The YWCA of Greater Pittsburgh had the whole package when it approached Nathan’s Famous about purchasing a franchise.
“We were looking to diversify our investments,” says Pittsburgh YWCA CEO Magdeline Jensen. “And we had a survey showing that more than 160 people walked by our downtown facility every five minutes between the hours of 11 a.m. and 2 p.m. each day.
“It just made sense to us that a well-known quick-service brand offering quality food at a reasonable price point could become a reliable source of income to support our social service programs.”
After the initial meeting, Nathan’s set out to impress the YWCA, says the chain’s vice president of franchise operations, Randy Watts.
“Every operator is fighting for the same sites and customers, so we’re following up every lead,” Watts says. The opening of this site has exceeded high expectations, he says.
When Pastor Darius Pridgen came to Subway wanting to open a unit inside his True Bethel Baptist Church in Buffalo, New York, his primary goals were to inject new economic life into the crime- and poverty-beset neighborhood and offer job training to its residents. Although the church had little room for a retail business, Subway’s flexible footprint offered a viable solution, says Elizabeth Rolfe, director of the chain’s new business development.
True Bethel Baptist Church’s Subway unit has overcome some serious obstacles, including inner-city crime and employee issues, since it opened in 2004, but its overall performance inspired a sister church in Niagara Falls to follow suit.
Even before working with Pridgen, Subway was an active advocate of social franchising. In 1996, the company established a nonprofit-owned franchise with a high school. Today, Subway units can be found in the cafeterias of close to 50 schools throughout the U.S., 30 of which have opened within the past two years and a number of which are franchised by the institutions themselves, Rolfe says.
Fifty-eight of the 180 Subway units in hospitals throughout the country are also nonprofit-owned. Similar locations include a unit within a Goodwill store in Greenville, South Carolina, and one in the Quadco Rehabilitation Center in Stryker, Ohio.
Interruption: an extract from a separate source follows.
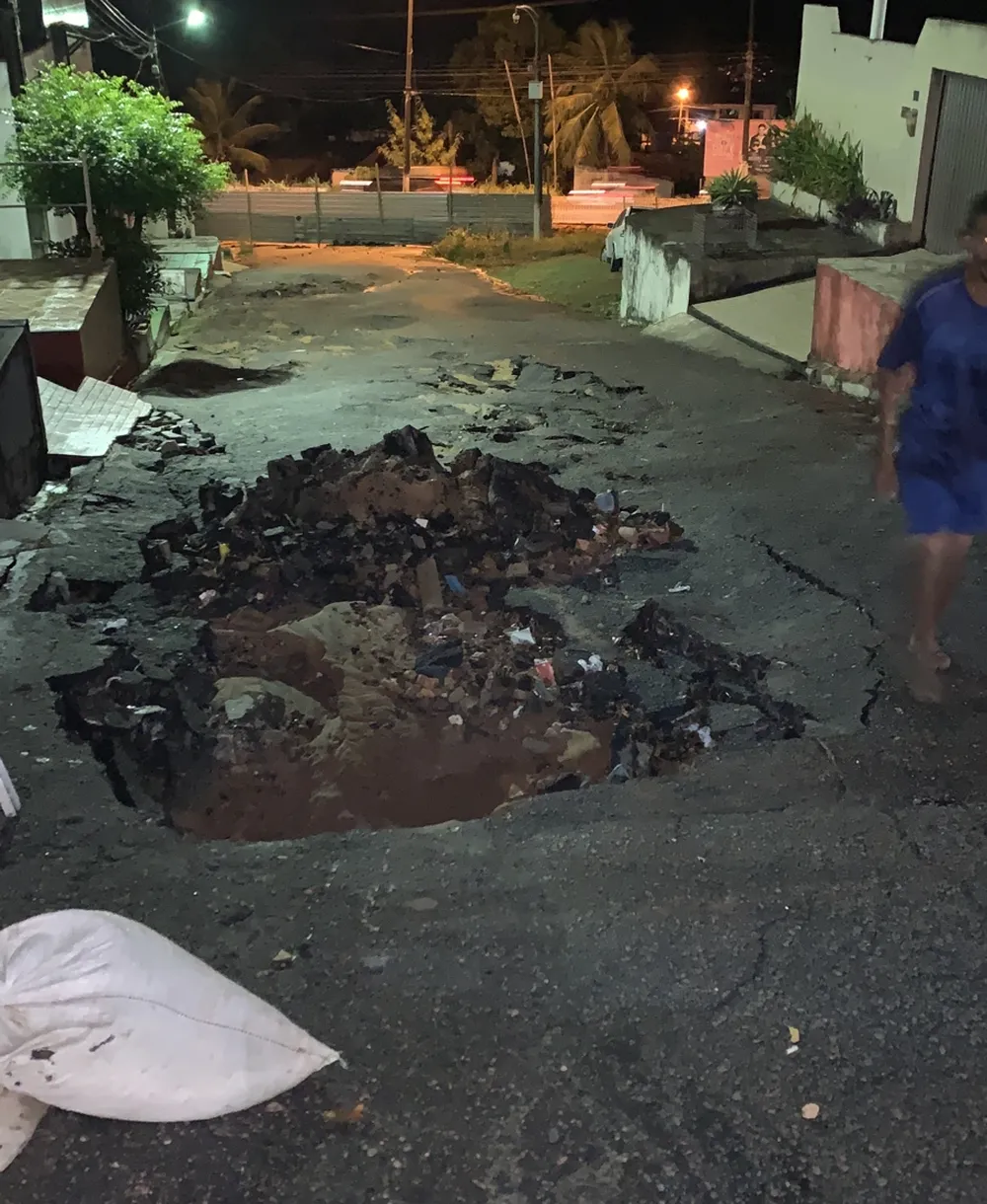 Na tarde desta quarta, funcionários contratados pela Companhia de Águas e Esgotos do RN (Caern) colocaram sacos de areia no trecho, que é uma ladeira, para impedir que a água desça em direção à cratera caso a chuva volte. Há ainda um cavalete para indicar o problema no local.

As long as partners are committed to “maintaining the full Subway experience, they are free to adjust operating hours and offer limited menu options to fit their specific needs,” Rolfe says. Otherwise, “we don’t see any difference between nonprofit and traditional Subway franchises.”
Many nonprofits establish wholly owned, for-profit subsidiaries to operate their franchises. Not only does this protect the organization’s nonprofit status, Litalien says, but it makes the accounting process much easier and more consistent. There are also bonuses for the local economy.
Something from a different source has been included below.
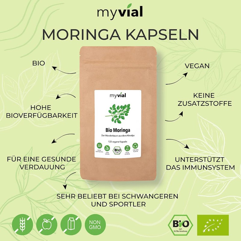 - Excellent value for money – a daily dose corresponds to 3 organic Moringa capsules, this contains 1200 mg ground organic moringa leaf powder from India. The plastic-free packaging contains 120 vegan capsules (kosher and halal), which provides you with 40 days.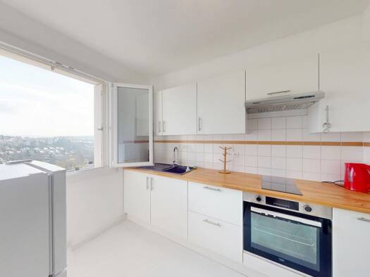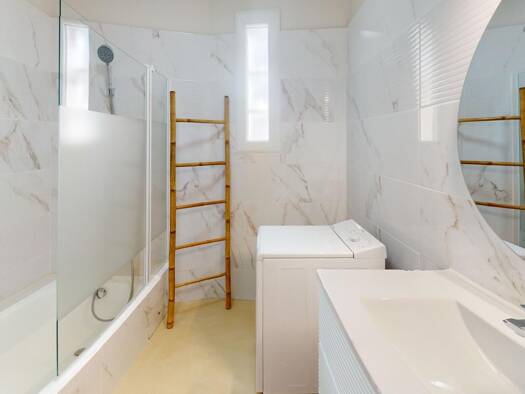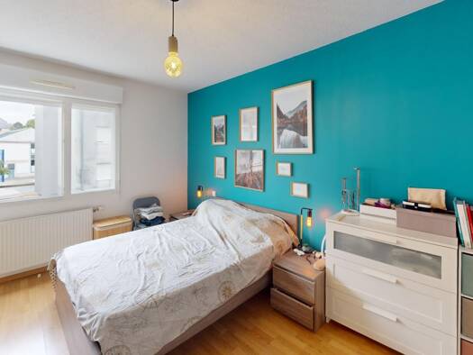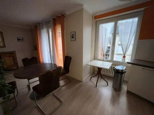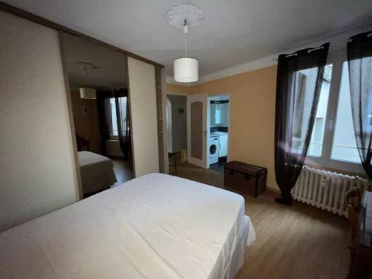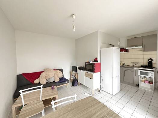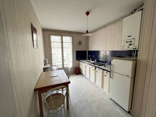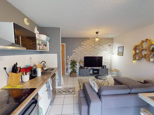 Une entrée avec meuble vide poche, une cuisine américaine avec éléments haut et bas, une hotte, un four, un frigo, plaque induction, lave-vaisselle, micro-onde, un séjour donnant sur balcon avec placard encastré, un buffet trois portes, une table basse, un canapé, une table ronde à manger, 4 chaises, une chambre avec placard, un lit en 140 cm, une coiffeuse, une mâle, une salle d'eau avec meuble vasque, lave-linge en 60, cabine douche, meuble miroir, un WC avec placard rangement. Cave n°7 au -1...

“The structure of the new company as a for-profit corporation benefits the City of Pittsburgh by paying taxes on profits as well as real estate tax on the space it occupies,” YWCA’s Jensen says.
For Ben & Jerry’s, the franchise screening process for nonprofits is “much the same as for individuals who are interested in opening a scoop shop from the experiential and financial perspectives,” Heintz says. One major difference, however, is the need for the chain to screen the entire nonprofit organization “to ensure that its overall mission, structure, and long-term goals would be strengthened by a relationship with Ben & Jerry’s.”
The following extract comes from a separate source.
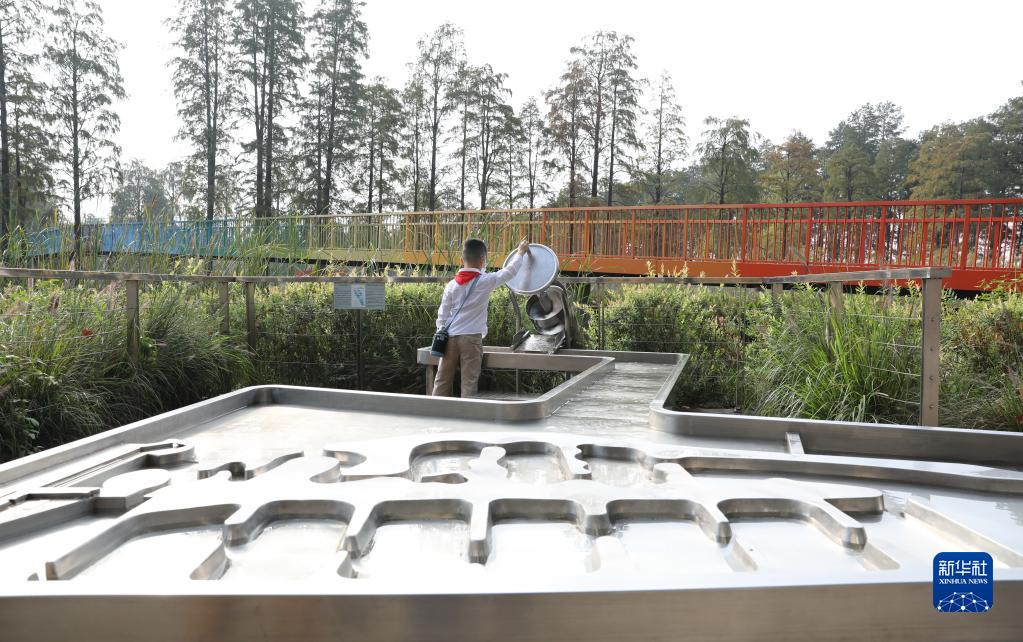 11月5日,小朋友在武漢華僑城生態濕地公園體驗演示水凈化原理的“阿基米德取水器”。

While Subway and Nathan’s Famous are actively seeking new nonprofit franchising partners, Ben & Jerry’s no longer accepts such applications.
“It’s been a really tough economy for everyone these past few years, and our scoop shops saw an incredible jump in their competition at the same time the economics of operating a shop became really tough, with leasing costs increasing like crazy,” Heintz says. “I think we’ve realized, too, that all of our scoop shops can serve as excellent job training sites for youth, and we would like to broaden the job training opportunities overall.”